Many companies use Python for data science. If that’s true of the company you’re interviewing with, use the SoloLearn Python course to practice your Python skills. Or spend some time reviewing data science concepts with SoloLearn’s free Data Science course. You can access either course from the mobile app. This means you can take all of the lessons and practice problems with you anywhere you go and sharpen up your programming skills.

Data scientists are often called upon to explain complex topics to business executives and managers. So you’ll also want to practice explaining the things you’ve learned to others. You can do this with your friends and family -- as you learn new things, share them with others. You can also help other learners through the SoloLearn community forums. Taking the time to explain key data science concepts to others will help you in your interview and as you advance through your career.

Make a Good Impression At Your Data Science Interview

Interviews aren’t just about proving technical skills. They’re also used to determine if you’ll be a good fit for the company in other ways. Many companies talk about their “culture” -- the environment that is promoted by executives, management and workers. For example, Facebook was known for their motto “move fast and break things”, meaning that they value making fast decisions and implementing new ideas quickly.

Other companies, particularly large corporations that have been around for a while, take a more conservative approach to innovation and change. In the 80s there was a saying “no one ever got fired for buying IBM” -- that is, buying the more expensive, less innovative product was much safer than buying something more innovative from a smaller, lesser-known company.

Much as you’ve done your research for your interview, doing this will give you  a good feel for the culture at the company where you hope to work. While you should be yourself, you can highlight parts of your experience that match with the company culture and expectations. For example, at a startup you may highlight an innovative idea that you implemented at a previous job. Or at a larger company, you can mention an accomplishment that shows methodical planning and strategic thinking on your part.

Either way, companies hire people to solve problems, not just to fill jobs. So be sure to show how hiring you will help the company, and you’ll have a good chance at making a good impression.

How To Interview When You Don’t Have Much Data Science Experience

If you are trying to break into a career in data science without much prior experience in the field, don’t give up! Everyone has to start somewhere, and many companies are willing to at least give you a chance especially if they’re hiring for a junior data scientist or junior data analyst position. 

Not everyone who becomes a data scientist needs an advanced mathematics or computer science degree -- many self-taught data scientists have been able to work their way up from junior roles.

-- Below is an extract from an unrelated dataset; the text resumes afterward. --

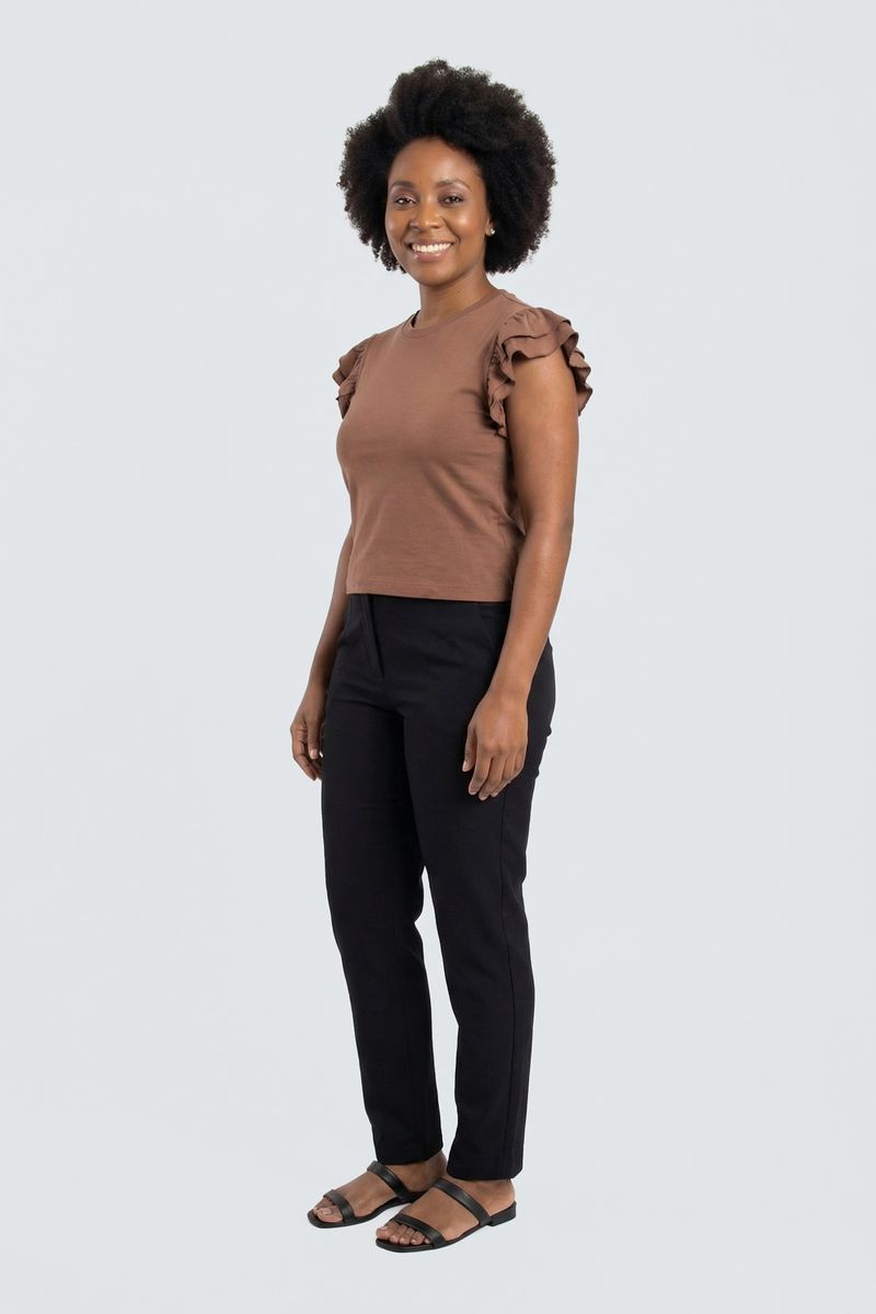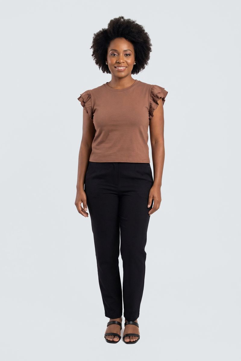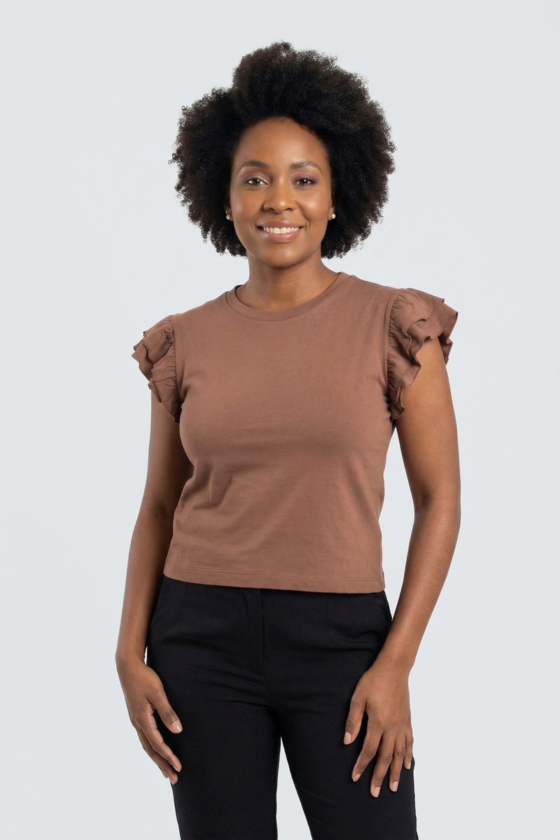 A Blusa Feminina Manga Curta com Babados Românticos Marrom Escuro Caedu eleva sua moda. Em tom terroso, oferece conforto e estilo romântico com mangas de babados. Cotton e elastano garantem caimento perfeito e versatilidade para looks femininos e modernos.

If you are trying to break into data science from another career path, be sure to highlight accomplishments that showcase your adaptability, flexibility and willingness to learn new things. This could be a time you were asked to take on a new responsibility or learn a new technology with little training. Or it could be your contributions to an open source project, or even a personal data science project you posted on Github. Any of these things could show your interviewer that you have the willingness and ability to learn about data science on the job.

Be sure to not exaggerate your experience just to make an impression or you risk irritating the interviewer and wasting both of your time. At worst, you could find yourself in a role that you’re not qualified for. Being honest about your lack of experience -- but demonstrating your willingness to learn -- are the best ways to handle an interview as someone with little hands-on experience.

An interview for a data science job can be an intimidating process. But if you do your research, brush up on your skills and have a plan to make a good first impression, you’ll be that much closer to landing your dream job.